*** Information provided Section Begins ***
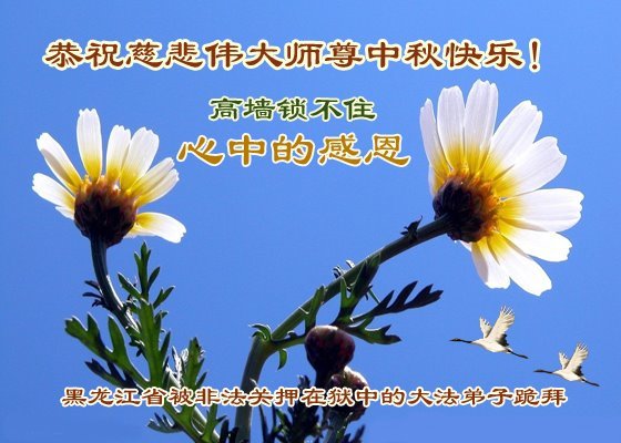 代为转达几位被非法关押大法弟子的心声:为了不辱使命,唤醒众生,凭着对师尊的信念,脑海中有大法,我们走在助师正法、救度众生的修炼路上!在中秋节来临之际,禁锢的高墙也阻挡不了我们对师尊的问候、想念、祝贺!
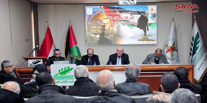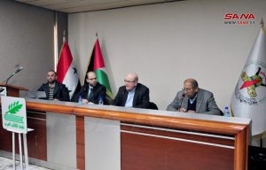 الندوة البحثية التي أقامها مركز اللغات والترجمة في حركة الجهاد الإسلامي الفلسطينية واتحاد الكتاب العرب يشارك فيها كتاب وباحثون ومفكرون ومناضلون.
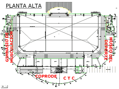 En la planta alta estarán debajo de las tribunas los gimnasios de musculación, museo de deportes, COPRODE y Centro deportivo Comunitario.
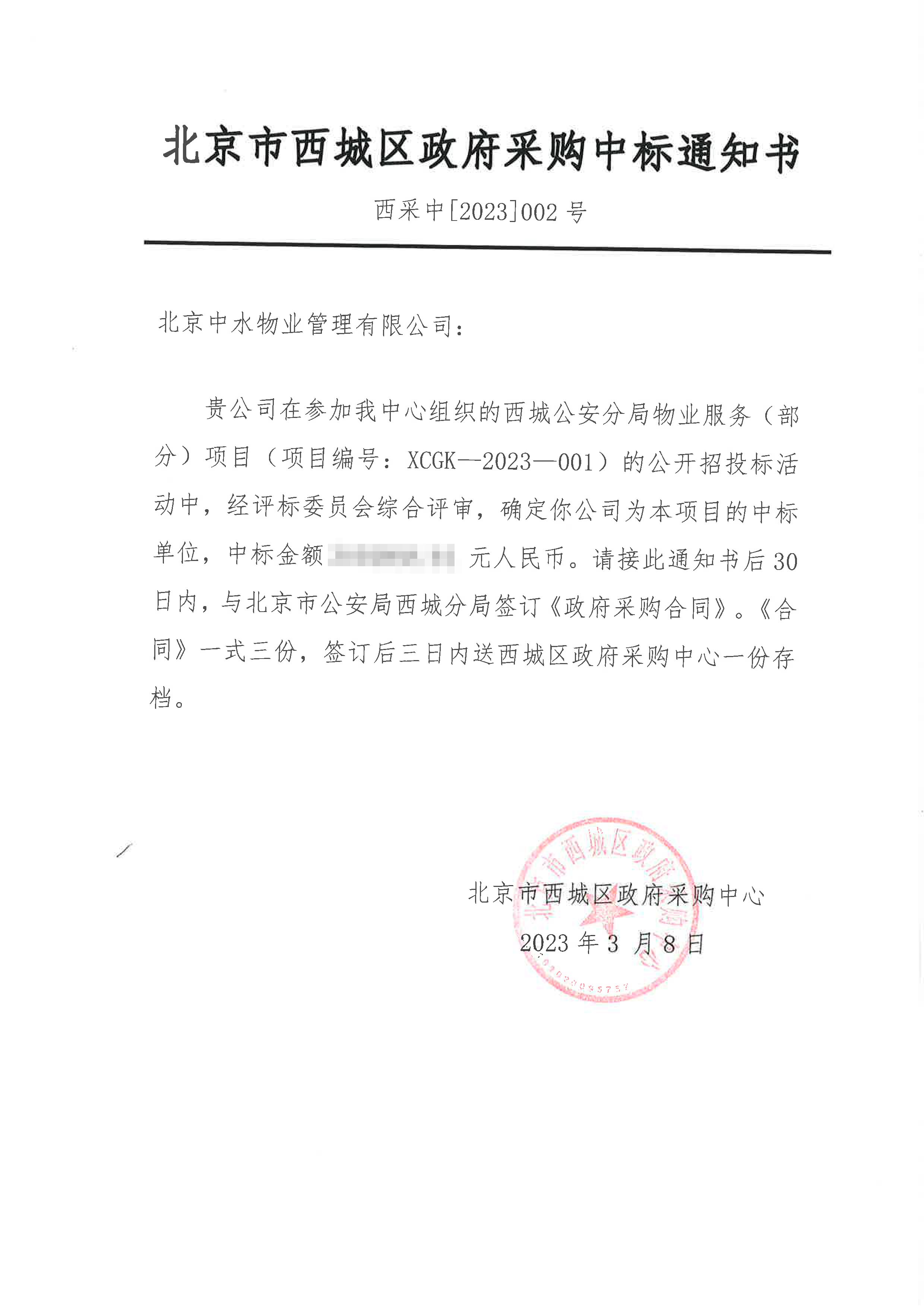 中水物业成功中标西城公安分局府右街、经侦等九个派出所物业服务项目
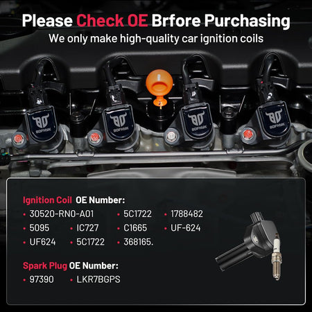 【Coils Features】Coil packs are made of Japan-imported rubber and Germany-imported varnished wire,and the exquisite craftsmanship design makes our products durable even under extreme conditions.OE No.30520-RN0-A01, 5C1722, 1788482, 5095, IC727, C1665, UF-624, UF624, 5C1722, 368165.
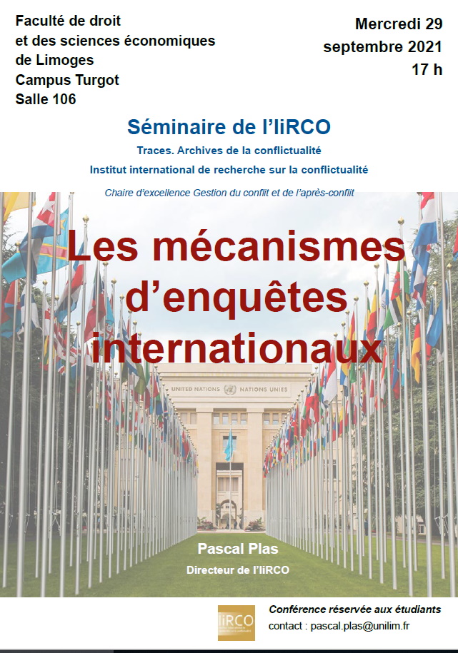 Catégories : Activités / Activités de l'IiRCO / Conférence SÉMINAIRE DE L’IIRCO- LES MÉCANISMES D’ENQUÊTES INTERNATIONAUX SÉMINAIRE DE L’IIRCO- LES MÉCANISMES D’ENQUÊTES INTERNATIONAUX 33 rue François Mitterrand BP 23204 87032 Limoges - France Tél. +33 (5) 05 55 14 91 00 université ouverte source de réussites
*** Information provided Section Ends ***
Please return, exactly and with pictures omitted, the lines from the line holding "En la planta" through the end of the data above, inclusive.

 En la planta alta estarán debajo de las tribunas los gimnasios de musculación, museo de deportes, COPRODE y Centro deportivo Comunitario.
 中水物业成功中标西城公安分局府右街、经侦等九个派出所物业服务项目
 【Coils Features】Coil packs are made of Japan-imported rubber and Germany-imported varnished wire,and the exquisite craftsmanship design makes our products durable even under extreme conditions.OE No.30520-RN0-A01, 5C1722, 1788482, 5095, IC727, C1665, UF-624, UF624, 5C1722, 368165.
 Catégories : Activités / Activités de l'IiRCO / Conférence SÉMINAIRE DE L’IIRCO- LES MÉCANISMES D’ENQUÊTES INTERNATIONAUX SÉMINAIRE DE L’IIRCO- LES MÉCANISMES D’ENQUÊTES INTERNATIONAUX 33 rue François Mitterrand BP 23204 87032 Limoges - France Tél. +33 (5) 05 55 14 91 00 université ouverte source de réussites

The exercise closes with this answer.